Cafe owner thrives with no-pricing policy - chaostheory
http://www.cnn.com/2009/US/03/17/lippert.qanda/index.html?iref=mpstoryview#cnnSTCText
======
sidsavara
I read one study that showed having eyeballs (e.g., a picture of someone
looking at you) next to the cash box increased deposits by some N% (I don't
want to spout facts as I can't recall the number, but it was n > 10 - double
digit percentage increase). They controlled for there just being a picture by
alternating pictures of eyeballs with pictures of flowers.

I suspect part of it may be due to people showing up just for the novelty of
it, but going back to the eyeball study (which I am too lazy to look up the
reference for) I wonder if there is another thing at play too. Perhaps people
think oh cool, let's show up and game the system, and they make plans to go
there _intending_ to perhaps pay 20% less than market.

Then they have to look the owner in the eye and tell him what they think is
fair, and for whatever reason their mind changes. So rather than paying .8x,
like they originally intended, they end up paying instead x - 1.2x

So you get increased business because people who were willing to pay .8x (lets
say x = $10 based on the article, so $8) show up, and end up spending x - 1.2x
($10-12, per the article). Some portion of new customers may see that their
game won't work (because they don't want to lie to the owner) and they just
leave. No harm done - these people weren't eating at the cafe to begin with.

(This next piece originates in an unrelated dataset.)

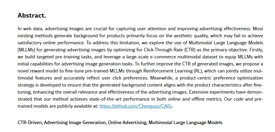 这背后,隐藏着一场关于“吸引力”的精密计算。如今,一场由多模态大模型(MLLMs)驱动的变革正在发生:AI不再仅仅追求把广告图片做得更“美”,而是开始学习人类的点击偏好,直接为“效果”而生成。

So I chalk at least part of this up to a neat psychological trick - but I
wonder if many of those people will be repeat customers (some portion
obviously will).

Anybody have references to back this up? This is just what I suspect may be
happening, as it's what I susepct happened with folks who may have intended to
steal bagels/candy from the office kitchen, saw the eyeballs and ended up
paying for them instead.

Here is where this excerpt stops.